Blog 6

     Post 6: How are you actively sharing your learning with your school and global community, specifically on the outcomes of risks you’ve taken in the classroom? How can you engage in more sharing both locally and globally regarding the outcomes of the risks you’ve taken?  

     When I had first started teaching, I had attended a physics teaching workshop.  Many of the teachers there were discussing the very low numbers of students who were enrolling in their physics classes.  One of the leaders of this particular workshop really emphasized the importance of “selling” physics and the upper-level science courses in general.  By this he meant doing some of our labs and experimentation in areas where others (other teachers and students in younger grades) could see it.  Do this would hopefully spark the interest of these students and they would hopefully take these courses when they were old enough.

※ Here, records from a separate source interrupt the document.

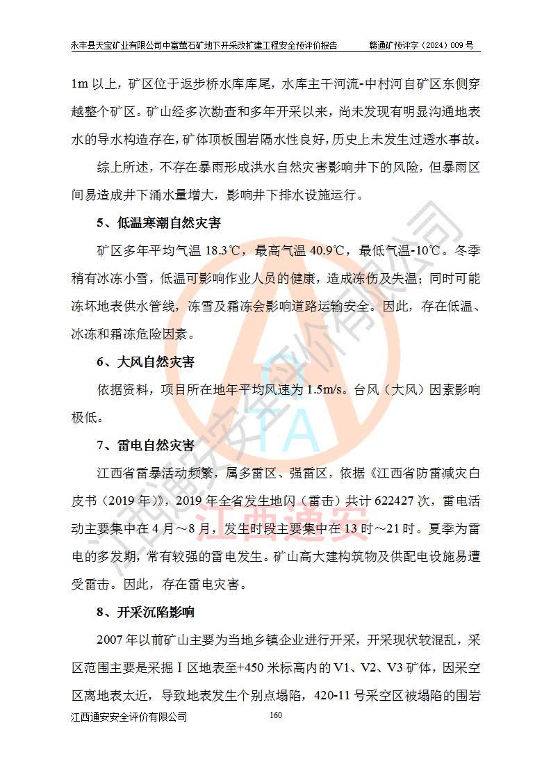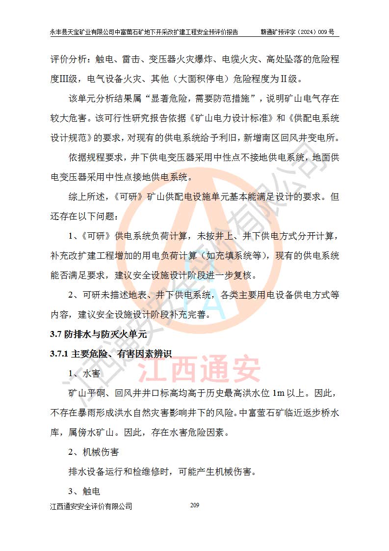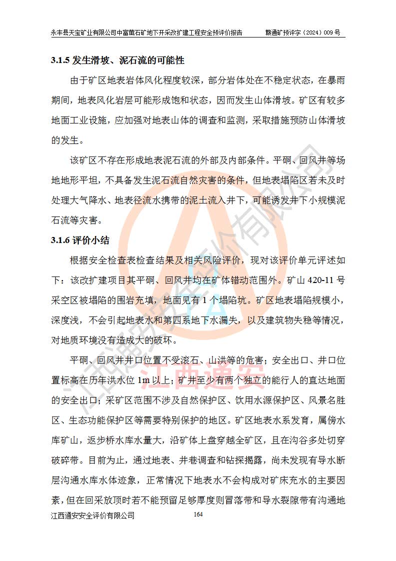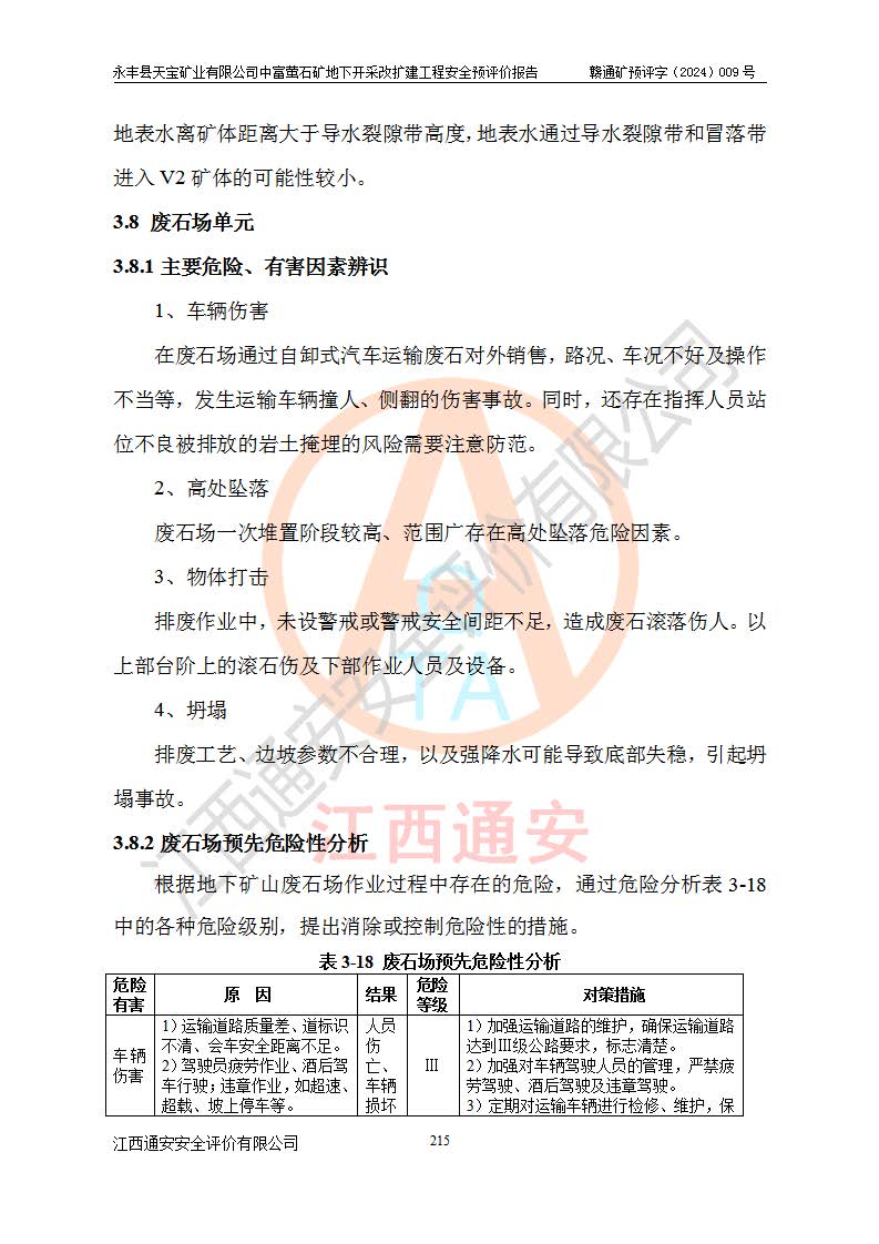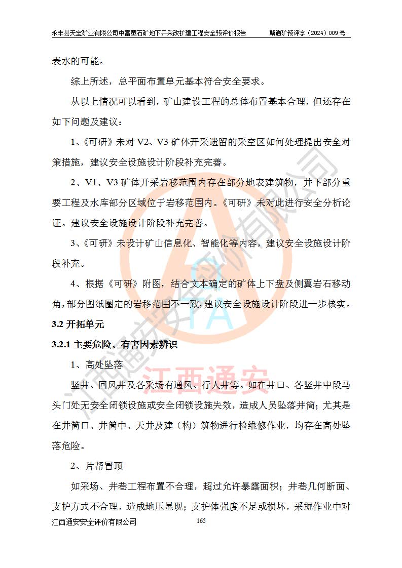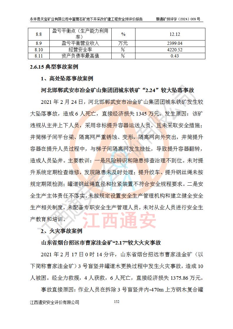 其它 | 永丰县天宝矿业有限公司中富萤石矿地下开采改扩建工程存在的主要危险因素有:坍塌、放炮、火药爆炸、**伤害、高处坠落、物体打击、片帮冒顶、触电、机械伤害、火灾、容器爆炸、中毒与窒息、透水、淹溺等。该评价项目中存在的有害因素有:粉尘、噪声与振动、不良作业环境,如高温、采光照明不良对矿山人员的伤害和其他不利的环境因素等。上述主要危险、有害因素在采取本《报告》第4章中及《可研》、《隐蔽致灾普查治理报告》提出的安全对策措施后,能得到**控制,则永丰县天宝矿业有限公司中富萤石矿地下开采改扩建工程符合**有关法律、法规、规章、标准和规范要求。 | ||||
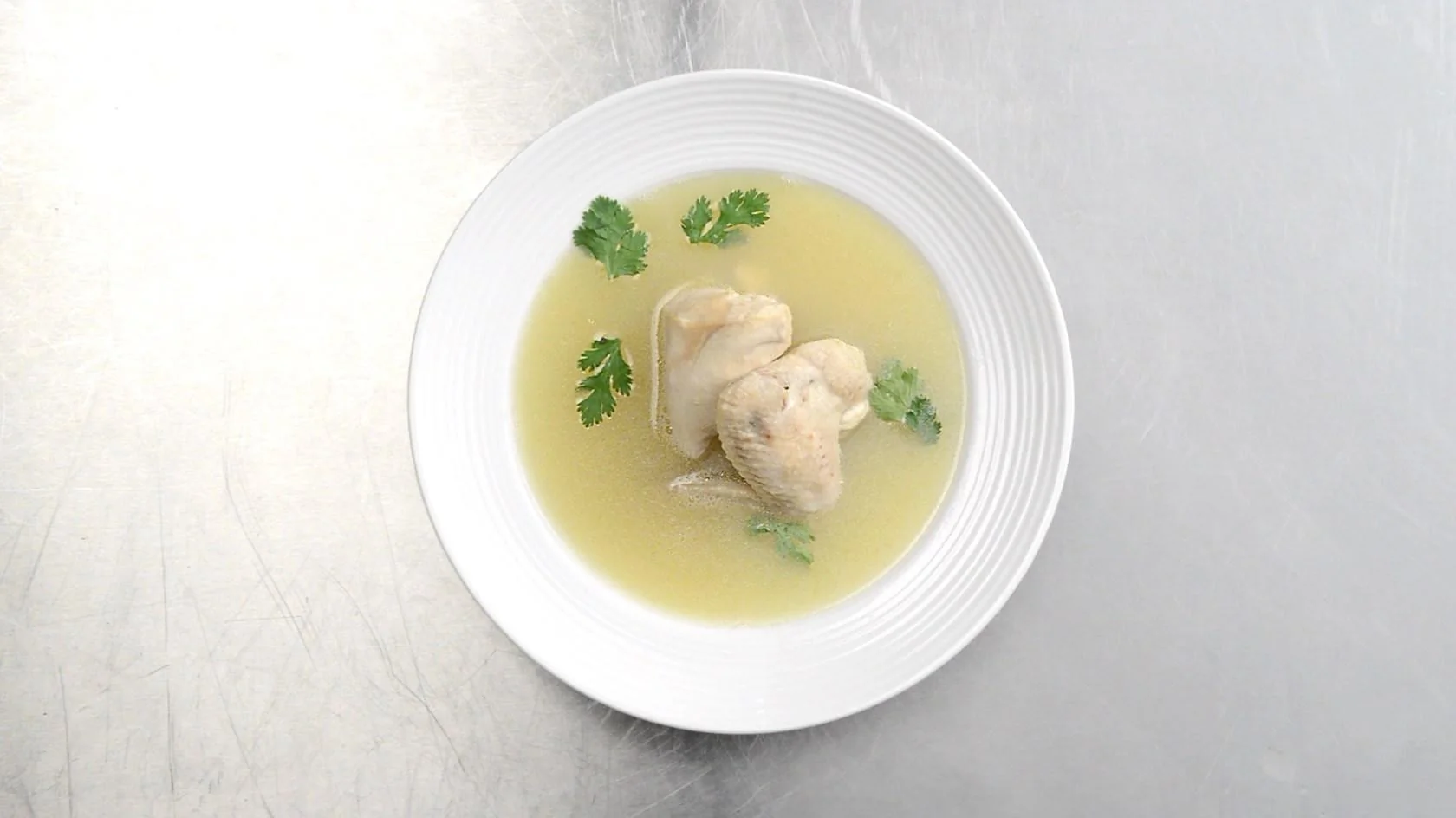 ШАГ 3 Солим, кидаем в кастрюлю перевязанный ниткой пучок кинзы с кореньями и варим на медленном огне, периодически снимая пену. Тушеная курица и лук придают супу особенный вкус — он сильно отличается от простого куриного бульона.
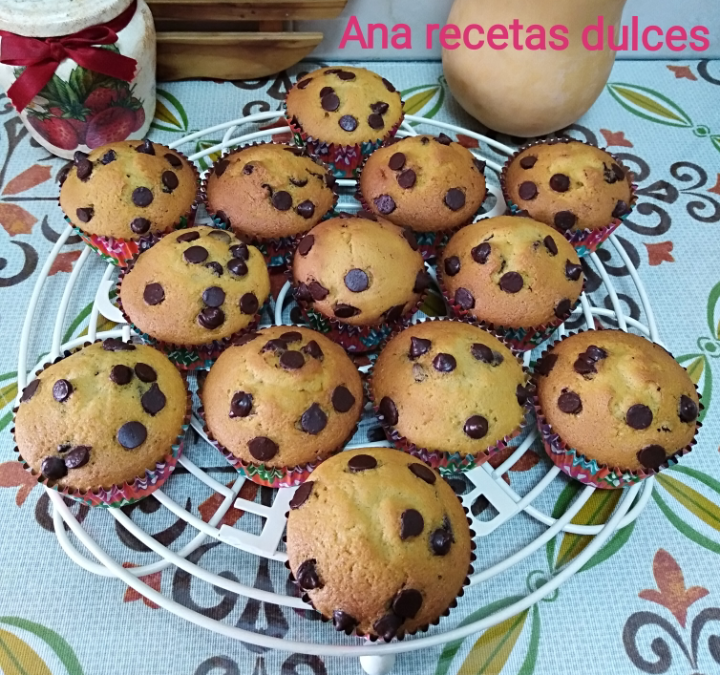 Estas magdalenas de calabaza y pepitas de chocolate están riquísimas, perfectas para tomar en el desayuno o en la merienda, te encantarán!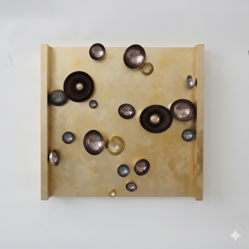 Cette décoration murale est une composition abstraite et contemporaine, mettant en scène une multitude de cercles et de disques métalliques de tailles variées. Certains présentent des reflets irisés, d’autres sont plus sombres et mats, tandis que des anneaux dorés viennent apporter éclat et contraste. L’ensemble est fixé sur une base dorée et disposé de façon asymétrique, évoquant des bulles en suspension ou un système de planètes flottant dans l’espace. C’est une pièce artistique originale qui combine modernité et élégance.
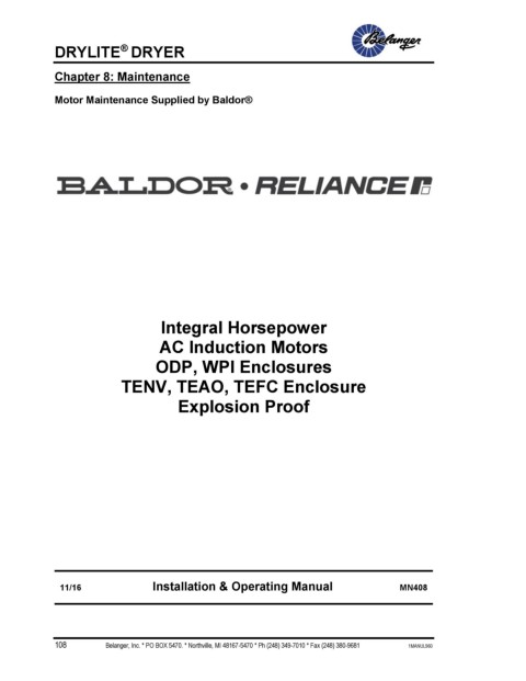 108 Belanger, Inc. * PO BOX 5470. * Northville, MI 48167-5470 * Ph (248) 349-7010 * Fax (248) 380-9681 1MANUL960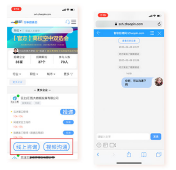 (3)查信息、投簡歷、上線溝通。瀏覽企業(yè)招聘信息【投遞】,活動開場后,可接收企業(yè)發(fā)起的文字/視頻溝通提示,可主動發(fā)起【在線溝通】【視頻溝通】,若企業(yè)不在線將收到短信提示。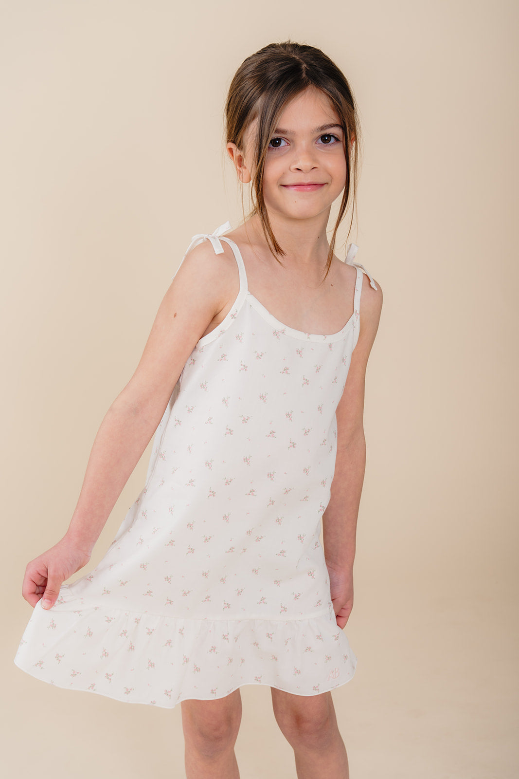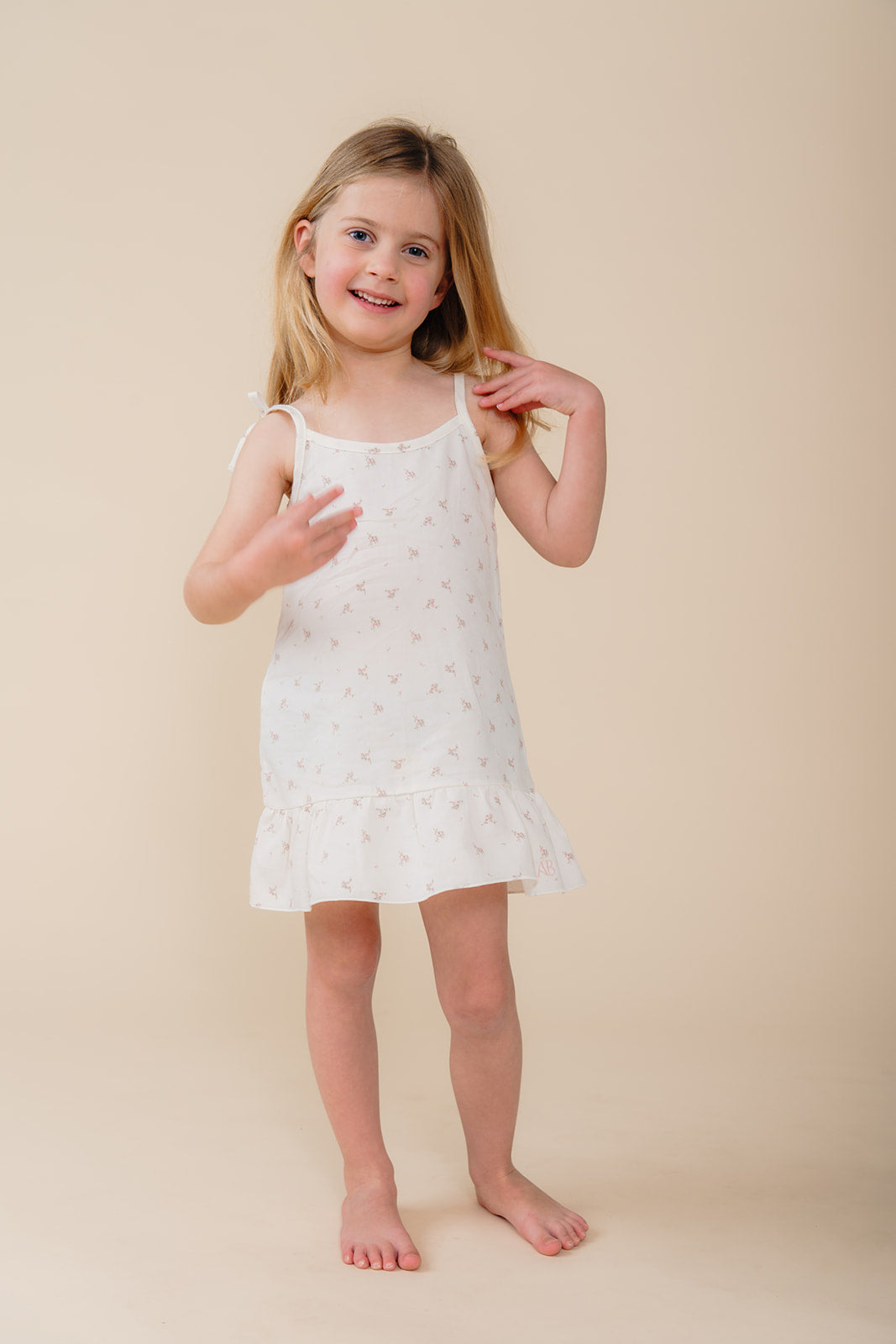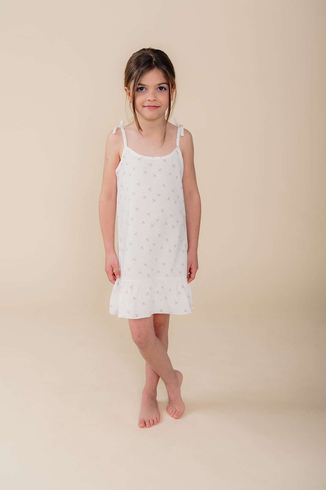 Meisje in witte katoenen pyjama-jurk met bloemenprint uit de Cozy Dawn collectie van Atelier Bonheur, duurzame nachtkleding voor kinderen.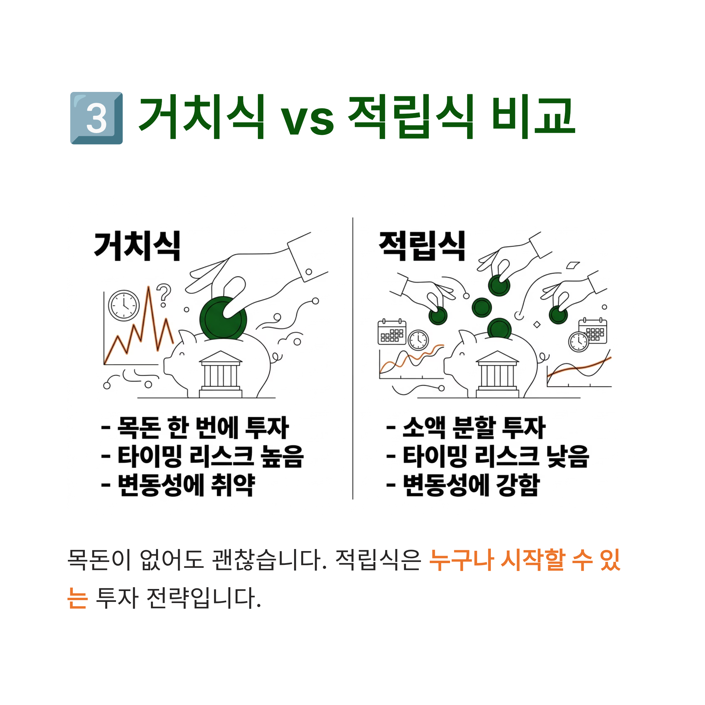 👉 대다수의 개인 투자자는 시장의 저점을 맞출 수 없으므로, 적립식 투자가 실질적인 정답이 되는 경우가 많습니다.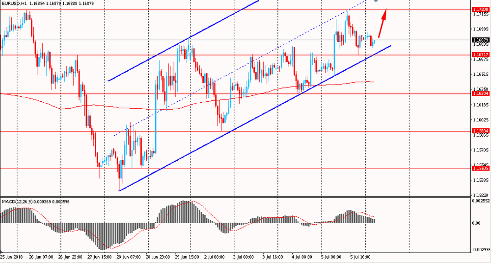 Пара EUR/USD сегодня утром торговалась в узком диапазоне $1.1680-95. В четверг пара, оттолкнувшись от линии поддержки канала, выросла и закрыла день на положительной территории. На данный момент евро все еще торгуется в рамки общего восходящего канала от 28 июня. Пара все еще торгуется выше линии скользящей средней MA 200 H1. Скорее всего быки будут пытаться продолжить общий подъем и закрепить свои позиции выше срединной линии канала.

     Taking this idea and implementing it into my science courses has really created a great increase on the numbers of students who take these classes.  My goal is to use this same idea to help encourage other staff members to be innovative in their usage of technologies in their classrooms.  

     Up until now, I have been learning about a vast array of new and available technologies to use in the classroom.  But, because of the fact that I have been so busy with my teaching, coaching, and graduate coursework, I haven’t yet had ample time to truly implement these technologies like I know I can.  However, I have had some time and been able to use some of these technologies.

     What I have done so far, and plan to continue to use this idea, is to use these technologies in a way so that others can see and so that I can possibly “sell” them to other staff members.  I definitely do not want to push the usage of these technologies in other classes because teachers in other courses can use whatever they see fit to use.  But what I can do is use these technologies in a way so as to show other staff members some of the things that these technologies are capable of doing.  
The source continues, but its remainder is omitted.